This week we managed to agree on 60% of the design document (which includes the crawler part) so I can start coding. By the end of the week I implemented a crawling mechanism which takes an url, returns the raw page, parses the content and returns the plain text.

The crawler uses a cURL mechanism which fools the server my application is a browser (a fake Firefox running on Windows NT aka Windows XP), it even has a cookie jar :) to store the site cookies. The crawler doesn’t have a login mechanism but if we need authentication to read a page, I will need to send the login parameters through POST and enable CURLOPT_POST. For HTTPS pages I can enable CURLOPT_SSL_VERIFYPEER.

Since we might have different parsing algos for different sites, I created an AbstractCrawler which has 2 abstract methods (startCrawling and parseText) that need to be implemented for each derived Crawler class. In startCrawling you can choose to log in or a SSL connection (both to be implemented) and in parseText you can choose the best way to get plain text for that site.

I had to decide between a couple of libraries like PHP’s DOMDocument, Simple HTML DOM, Tidy, Ganon and phpQuery.  Since we could work on broken HTML (unclosed tags) I also found HTMLPurifier, a PHP library which fixes broken HTML.
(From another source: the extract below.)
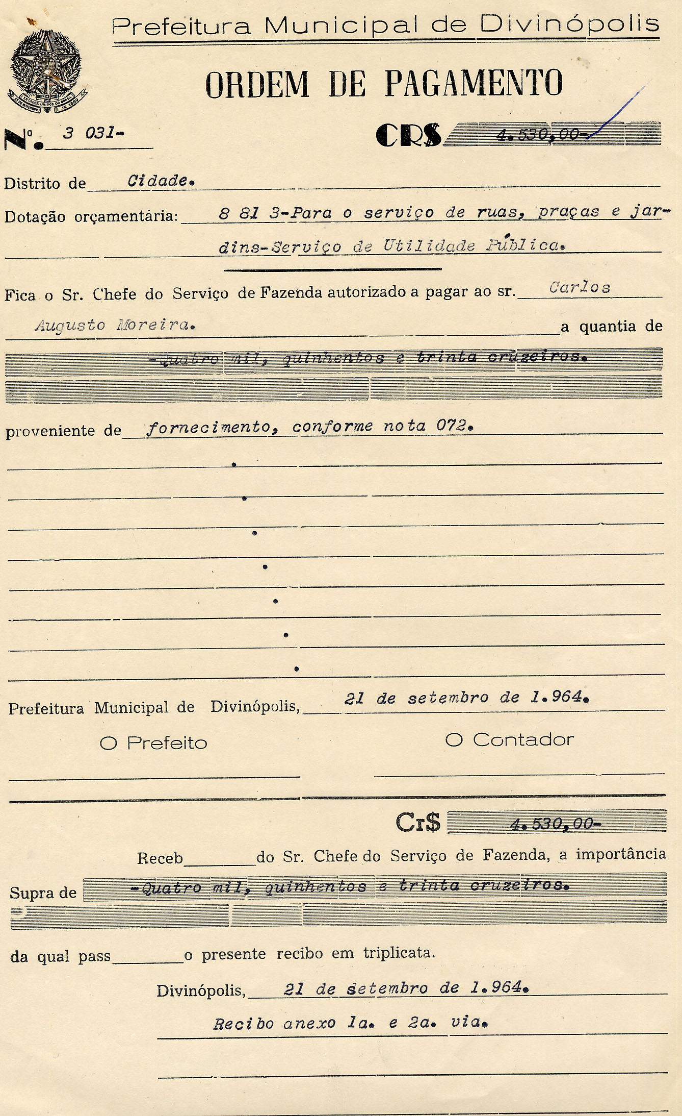 RECEBI DO SR. CHEFE DO SERVIÇO DE FAZENDA, A IMPORTÂNCIA SUPRA DE QUATRO MIL, QUINHENTOS E TRINTA CRUZEIROS DA QUAL PASSO O PRESENTE RECIBO EM TRIPLICATA.

As I tested the libraries, all of them managed to parse broken HTML (so no need for HTMLPurifier), but Simple HTML DOM caught my attention through its simplicity in use and through its reviews.

  1. What websites do you plan to crawl? Will it be only actual literature or you’re using the term generically? Do you plan on using some kind of learning mechanism to learn about where diacritics usually go?

    • Hi Strainu, we want to crawl actual literature sites like http://ro.wikipedia.org/, dilemaveche.ro/ or romlit.ro/ which have a strong base of diacritics. We might crawl http://www.strainu.ro/ too :) . To bad you have both english and romanian texts. We might need the use of an english set of words to determine whether we need the paragraph or not. This depends on how much time we spend on the others (indexing and building statistics on diacritics ).